**Problem details**
An exact copy of the data below is needed; please leave out any pictures.
##### Information supplied
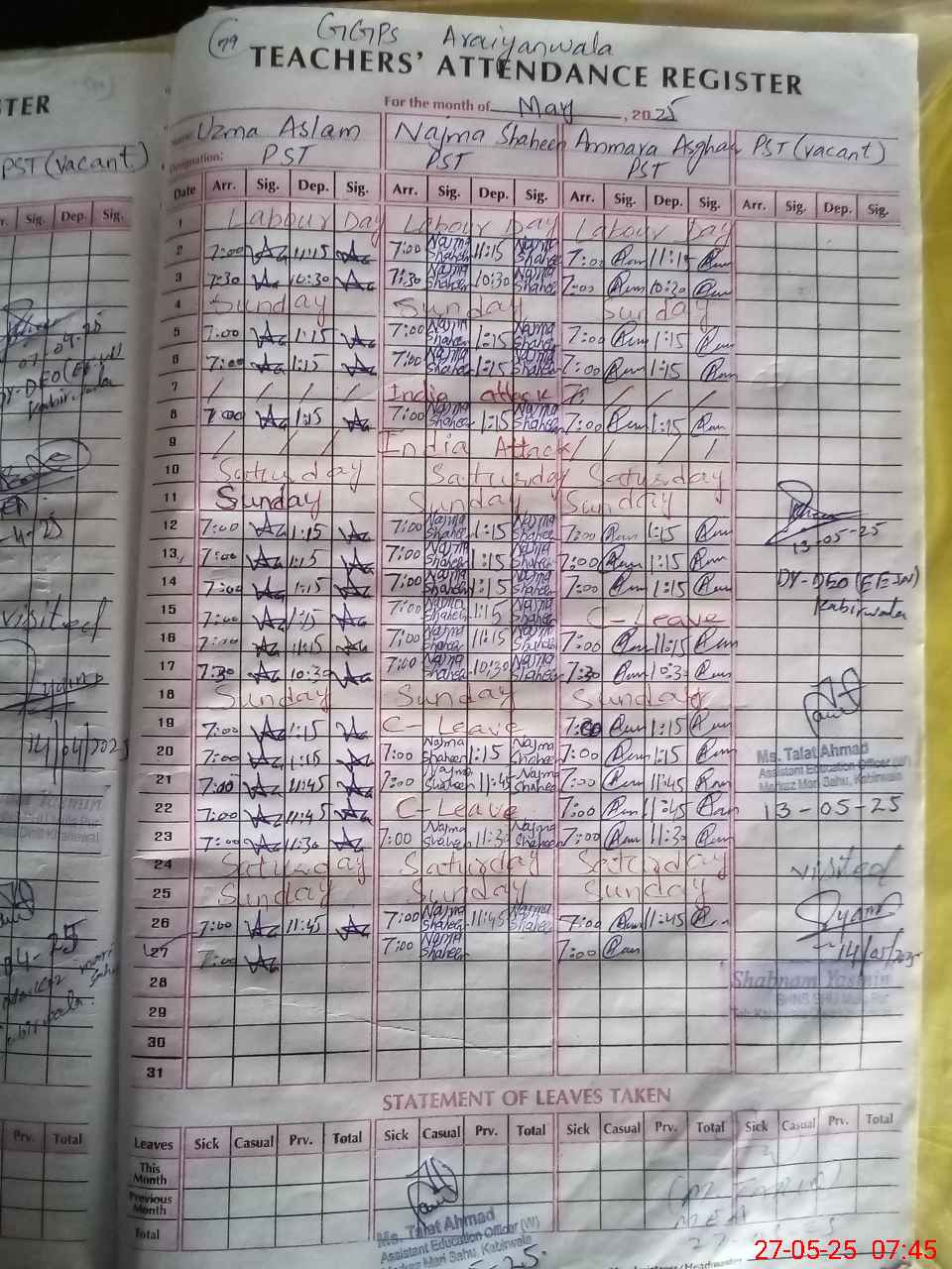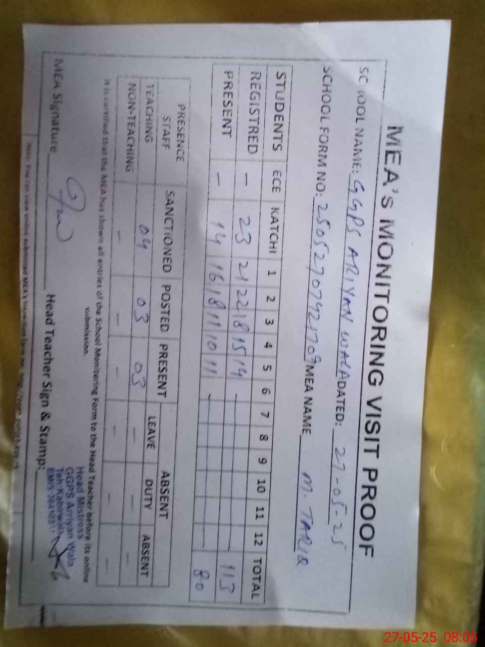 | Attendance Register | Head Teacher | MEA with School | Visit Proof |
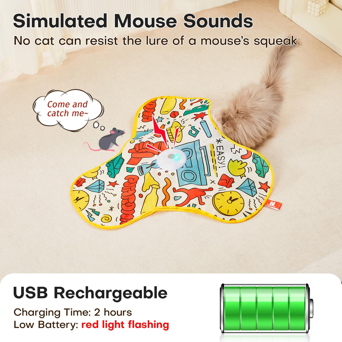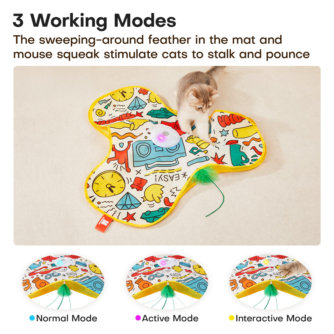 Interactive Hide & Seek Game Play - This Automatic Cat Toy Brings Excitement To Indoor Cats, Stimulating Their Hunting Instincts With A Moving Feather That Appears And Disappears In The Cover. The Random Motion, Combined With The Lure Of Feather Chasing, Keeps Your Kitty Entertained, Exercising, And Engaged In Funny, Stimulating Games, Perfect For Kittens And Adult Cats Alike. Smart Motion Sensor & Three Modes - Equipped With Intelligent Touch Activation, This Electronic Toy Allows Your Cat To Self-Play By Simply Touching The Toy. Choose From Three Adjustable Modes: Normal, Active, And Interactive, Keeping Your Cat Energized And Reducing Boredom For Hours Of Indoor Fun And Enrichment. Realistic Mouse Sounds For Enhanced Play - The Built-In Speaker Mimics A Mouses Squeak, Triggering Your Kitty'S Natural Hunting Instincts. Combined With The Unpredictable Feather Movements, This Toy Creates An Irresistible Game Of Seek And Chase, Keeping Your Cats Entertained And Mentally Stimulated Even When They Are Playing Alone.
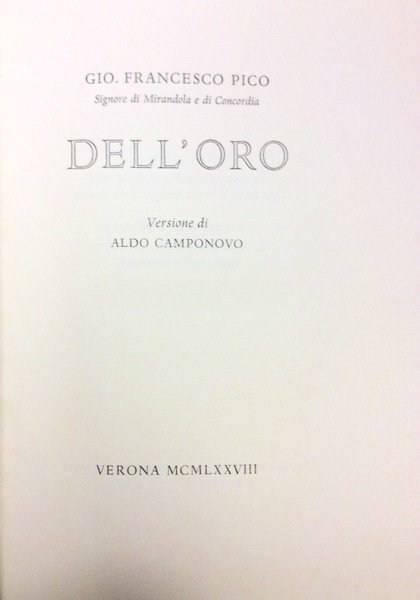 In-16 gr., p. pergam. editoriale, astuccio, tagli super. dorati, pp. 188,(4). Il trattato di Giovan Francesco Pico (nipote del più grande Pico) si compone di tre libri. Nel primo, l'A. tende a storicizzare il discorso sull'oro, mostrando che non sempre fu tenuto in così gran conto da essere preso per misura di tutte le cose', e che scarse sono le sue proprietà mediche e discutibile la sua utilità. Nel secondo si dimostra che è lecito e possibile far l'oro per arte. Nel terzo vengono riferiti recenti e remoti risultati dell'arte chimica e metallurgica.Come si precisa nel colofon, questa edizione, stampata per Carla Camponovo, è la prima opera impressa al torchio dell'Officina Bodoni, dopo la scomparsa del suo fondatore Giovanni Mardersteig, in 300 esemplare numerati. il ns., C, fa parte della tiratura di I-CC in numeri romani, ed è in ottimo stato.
##########
**The answer**
 | Attendance Register | Head Teacher | MEA with School | Visit Proof |
 Interactive Hide & Seek Game Play - This Automatic Cat Toy Brings Excitement To Indoor Cats, Stimulating Their Hunting Instincts With A Moving Feather That Appears And Disappears In The Cover. The Random Motion, Combined With The Lure Of Feather Chasing, Keeps Your Kitty Entertained, Exercising, And Engaged In Funny, Stimulating Games, Perfect For Kittens And Adult Cats Alike. Smart Motion Sensor & Three Modes - Equipped With Intelligent Touch Activation, This Electronic Toy Allows Your Cat To Self-Play By Simply Touching The Toy. Choose From Three Adjustable Modes: Normal, Active, And Interactive, Keeping Your Cat Energized And Reducing Boredom For Hours Of Indoor Fun And Enrichment. Realistic Mouse Sounds For Enhanced Play - The Built-In Speaker Mimics A Mouses Squeak, Triggering Your Kitty'S Natural Hunting Instincts. Combined With The Unpredictable Feather Movements, This Toy Creates An Irresistible Game Of Seek And Chase, Keeping Your Cats Entertained And Mentally Stimulated Even When They Are Playing Alone.
 In-16 gr., p. pergam. editoriale, astuccio, tagli super. dorati, pp. 188,(4). Il trattato di Giovan Francesco Pico (nipote del più grande Pico) si compone di tre libri. Nel primo, l'A. tende a storicizzare il discorso sull'oro, mostrando che non sempre fu tenuto in così gran conto da essere preso per misura di tutte le cose', e che scarse sono le sue proprietà mediche e discutibile la sua utilità. Nel secondo si dimostra che è lecito e possibile far l'oro per arte. Nel terzo vengono riferiti recenti e remoti risultati dell'arte chimica e metallurgica.Come si precisa nel colofon, questa edizione, stampata per Carla Camponovo, è la prima opera impressa al torchio dell'Officina Bodoni, dopo la scomparsa del suo fondatore Giovanni Mardersteig, in 300 esemplare numerati. il ns., C, fa parte della tiratura di I-CC in numeri romani, ed è in ottimo stato.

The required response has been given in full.